Thursday, March 31, 2016

Taste and See

“Taste and see that the Lord is good; blessed is the one who takes refuge in him.  Fear the Lord, you his holy people, for those who fear him lack nothing.” (Psalm 37:8-9 NIV)

I was a very picky eater when I was a kid.  My mom used to serve those frozen pot pies and I would insist she remove the peas from my serving. There were few vegetables I liked.  When I got older, my taste for veggies changed little, until one day while I was a college student.  My roommate had prepared broccoli and cauliflower and offered me some. I declined, telling him I didn’t like either of them.  He then asked me a question for which I was unprepared: “When was the last time you even tried either of these?”  

Honestly, I hadn’t really thought about it.  At the time, I just knew I didn’t like those vegetables.  I concluded it had been at least a decade or more since I had tasted them, and he urged me to give them another try.  And what do you know, they weren’t that bad!  In fact, I rather liked both of them.  

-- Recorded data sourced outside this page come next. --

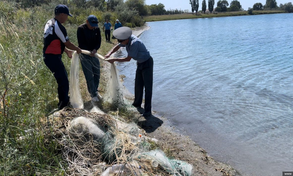 Маалымдалгандай, Ысык-Көл районуна караштуу Кожояр айылынан Корумду айылына чейин көлдөн 24 миң 600 метр балык уулоочу тор чыгарылып, 2985 килограмм ар түрдүү таштандылардан тазаланды.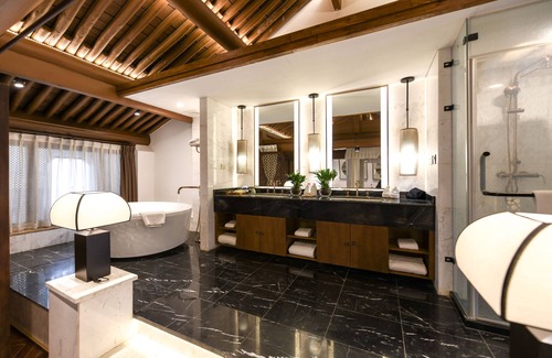 Water Hotel Pingyao offers 16 air-conditioned accommodations, which are accessible via exterior corridors and feature minibars and safes. Each accommodation is individually furnished and decorated. Tempur-Pedic beds feature Frette Italian sheets, down comforters, and premium bedding. 40-inch LCD televisions come with cable channels. Bathrooms include showers with rainfall showerheads, bathrobes, slippers, and designer toiletries.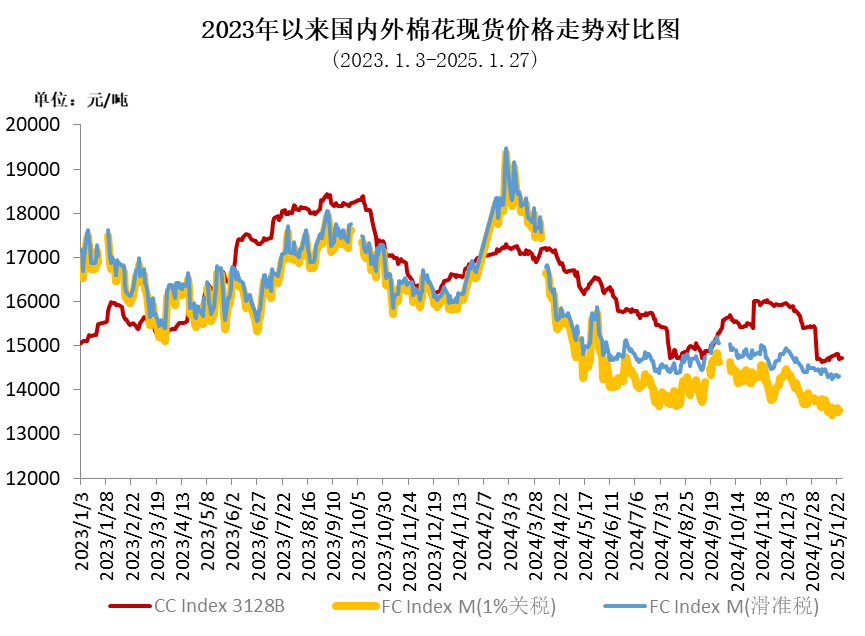 2025年1月,國內(nèi)棉花市場呈現(xiàn)先跌后漲的走勢。月初,新棉供應(yīng)持續(xù)增加,現(xiàn)貨價格小幅回落;中旬,隨著宏觀政策預(yù)期轉(zhuǎn)暖,棉紡織廠對后市持樂觀態(tài)度,適度補(bǔ)充原料庫存,推動棉價上漲;下旬,受春節(jié)假期影響,紡織廠陸續(xù)放假,市場成交轉(zhuǎn)淡,棉價略有回落。同期,受美元指數(shù)沖高回落、USDA報告上調(diào)全球產(chǎn)量等因素影響,國際棉價震蕩下跌,內(nèi)外棉價差隨之波動。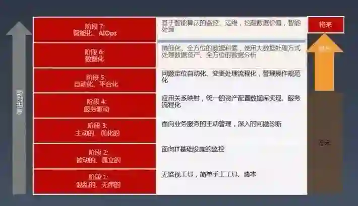 关于智能运维的发展,我们将发展过程分为以上七个阶段。前三个阶段从手工运维发展到面向业务服务的主动管理。第四个阶段是服务驱动,该阶段建立了统一的 CMDB 系统,这时候我们需要服务的流程化来支撑整个运维体系,比如一些工单系统等等。

It is the human tendency to cement thoughts and experiences from our childhoods into our adult minds.  This often leads to false conclusions, such as the one I had about not liking cauliflower and broccoli.  While this is fairly innocuous, others carry far greater consequences, such as feeling unloved as a child and concluding as an adult you are not truly lovable.  Or being molested and growing up believing adults cannot be trusted.  Or, as I did, growing up in a home where I was taken to church, but saw little love between mom and dad, which shaped my views of Christianity as a young adult.  I viewed it as a religion that made little practical difference in one’s life.  

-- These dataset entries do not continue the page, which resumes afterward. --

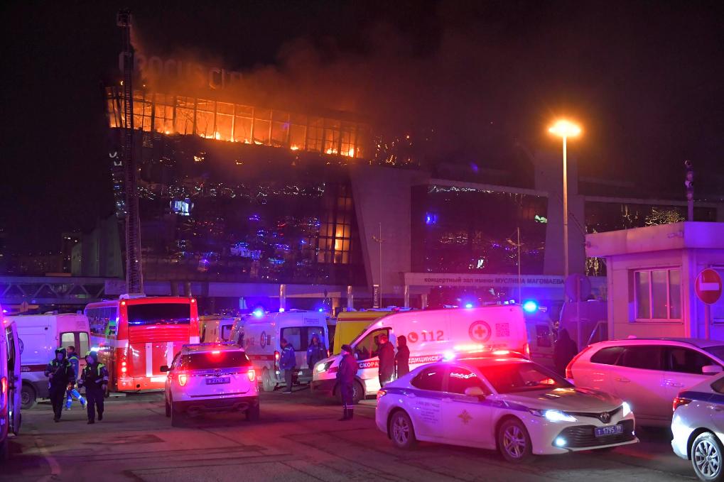3月22日,俄罗斯莫斯科近郊克拉斯诺戈尔斯克市一音乐厅发生枪击事件后引发火灾。新华社记者曹阳摄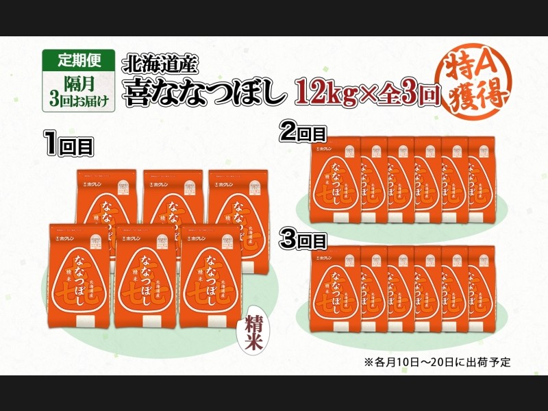 定期便 隔月3回 北海道産 喜ななつぼし 精米 2kg×6袋 計12kg 米 特A 白米 小分け お取り寄せ ななつぼし...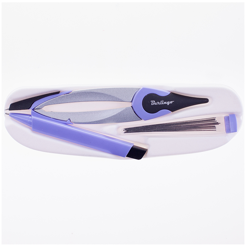 Эргономичная головка/держатель циркуля. В состав набора входит: циркуль с механическим карандашом, запасной грифель для карандаша. В пластиковом пенале.

As my college roommate challenged my view on certain veggies, others challenged my views on the Christian faith.  In essence, in both cases they were saying to me, “taste and see.”  What I had concluded from my childhood experiences they were calling into question.  “Taste and see if what you think is really true.”  It wasn’t with regard to the veggies, and it wasn’t with regard to Jesus.

I have spent my adult life essentially urging students to do what my college friends pleaded with me to do.  For so many, by the time they reach college age, they are living on their immature conclusions, sincerely held, but wrong.  Many have concluded God is a spoiler of fun and lifelong dreams, or a harsh taskmaster who is never satisfied, or is uncaring because if He cared, He wouldn’t have permitted such terrible things to happen to them.  And so they reject the faith altogether or they keep up appearances while harboring these conclusions out of fear of what others will think.  

But having tasted the Lord as a college student, I recognize I was wrong about Him.  He was nothing like I had imagined Him to be, nor is He anything like many current students’ conclusions about Him.  Just this past week, I witnessed the results of a student tasting God again, having concluded years earlier that she was unacceptable to Him. Instead of anger and disappointment, she found love and acceptance. 

Today, if you are holding on to negative conclusions about the Lord you originally drew while you were a child, let me encourage you to taste the Lord again and see if He tastes differently to you.  I believe you will find, like I did, He tastes a lot better than you imagined.